Avec cette condition, qu’il voit davantage comme « une force » qu’un « handicap », Michel Cymes a aussi appris à être plus indulgent envers lui-même. « Je suis passé d’un bouillonnement épuisant à un bouillonnement créatif et productif. Et surtout, cela m’a rendu plus tolérant envers moi-même », a-t-il confié, même si ce « moteur » rapide et constant peut encore s’avérer « fatigant » au quotidien. « Au moins je sais pourquoi je suis comme ça », a-t-il alors souligné, préconisant « le sport » à ceux qui sont, comme lui, TDAH, afin d’« évacuer le trop-plein d’énergie ».

Lindsay Lohan se demande pourquoi on ne l’a pas davantage « protégée » à l’adolescence

Avant de trouver la sérénité et la vie de famille à laquelle elle aspirait à Dubaï, ville des Émirats arabes unis où elle a posé ses valises en 2014, Lindsay Lohan a eu une jeunesse mouvementée. Devenue célèbre à 12 ans avec le film de Disney À nous quatre en 1998, l’actrice a enchaîné les succès au cinéma, parmi lesquels on compte Freaky Friday et Lolita malgré moi (Mean Girls).

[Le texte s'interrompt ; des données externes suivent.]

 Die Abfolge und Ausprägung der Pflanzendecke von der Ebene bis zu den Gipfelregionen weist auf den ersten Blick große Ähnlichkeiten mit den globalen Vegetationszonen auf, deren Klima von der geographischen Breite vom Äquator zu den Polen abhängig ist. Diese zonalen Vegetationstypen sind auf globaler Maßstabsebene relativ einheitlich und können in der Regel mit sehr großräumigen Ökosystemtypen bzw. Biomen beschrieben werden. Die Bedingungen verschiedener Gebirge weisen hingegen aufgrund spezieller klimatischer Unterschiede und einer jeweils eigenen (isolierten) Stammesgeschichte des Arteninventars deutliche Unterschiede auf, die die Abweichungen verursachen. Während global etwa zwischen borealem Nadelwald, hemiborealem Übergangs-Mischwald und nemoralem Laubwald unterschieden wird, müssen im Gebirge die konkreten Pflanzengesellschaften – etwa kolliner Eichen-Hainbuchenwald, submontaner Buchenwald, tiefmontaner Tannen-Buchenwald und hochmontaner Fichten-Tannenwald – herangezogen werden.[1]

Au cœur du succès, Lindsay Lohan a emménagé à Los Angeles pour poursuivre sa carrière et devenir indépendante à un jeune âge, se laissant facilement tenter par la vie de la nuit à Hollywood et les substances illicites qui lui ont valu quelques arrestations et brefs passages en prison. Ces déboires ont été suivis de près par la presse et les paparazzi, qui ont contribué à lui forger une certaine réputation jusqu’en 2013.

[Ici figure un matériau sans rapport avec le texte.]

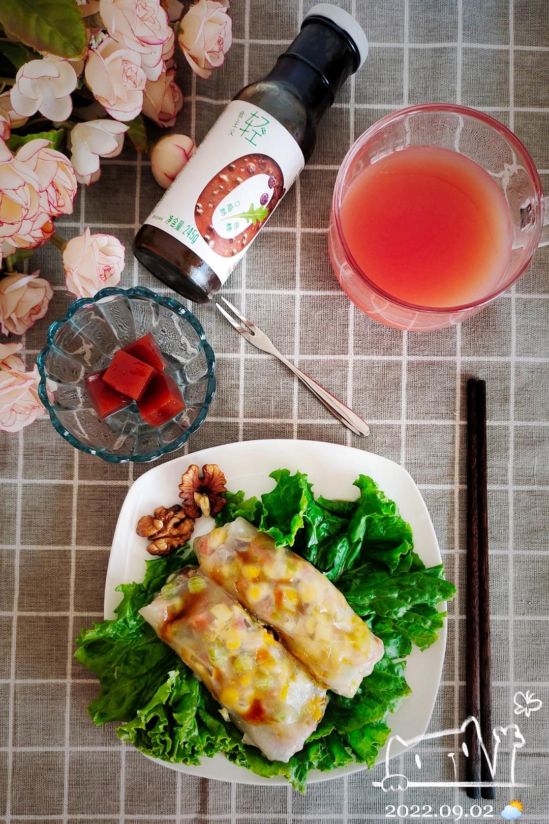 越南春卷皮做的满料腊肠肠粉🍽️,味道不错,但是还是喜欢澄粉的肠粉,这种黏黏的口...

« Tout cela était si accablant et épuisant », s’est souvenue l’actrice de 39 ans lors d’une interview récente avec Vogue Arabia. Désormais mère d’un petit garçon, qu’elle a accueilli en 2023 avec son mari, le financier Bader Shammas, Lindsay Lohan peut regarder en arrière et tirer des leçons de ces années compliquées. « J’aurais dû écouter mes parents et retourner à New York. Mais j’étais jeune et je voulais être à Los Angeles », a admis celle qui a depuis opéré un retour discret devant la caméra, apparaissant notamment dans des films de Noël et dans le second volet de Freaky Friday, Encore dans la peau de ma mère, l’an dernier face à Jamie Lee Curtis.

Si la star garde des souvenirs « très amusants » de cette époque, elle considère que sa jeunesse a surtout été « difficile ». « C’était une arme à double tranchant », a-t-elle expliqué. « Aujourd’hui, quand je repense à cette époque, je me demande : "Pourquoi personne n’est venu me sortir de là, me protéger davantage ?" On ne sait pas comment faire ça soi-même quand on est adolescent ».

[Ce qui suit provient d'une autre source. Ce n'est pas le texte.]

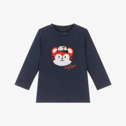An ivory cotton top for baby boys by iDO Mini, made in super-soft jersey. Designed to appear as a top and waistcoat, it has an attached woven panel in grey and red check with decorative buttons for a smart look. It fastens with easy-to-use poppers on the back.
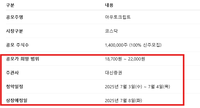 오늘은 아우토크립트의 수요예측 결과, 확정 공모가, 청약 전략을 한눈에 정리해드릴게요!

Plus tard, Lindsay Lohan a « suivi (s)on instinct » et s’est envolée à « l’autre bout du monde » pour trouver la vie qui lui correspondait vraiment. « Je ne m’amusais plus dans ce milieu […] Ce n’est pas une vraie vie », a-t-elle songé. « Cela m’a tellement éloignée que j’ai déménagé à l’autre bout du monde. Et je suis tellement contente d’avoir suivi mon instinct ».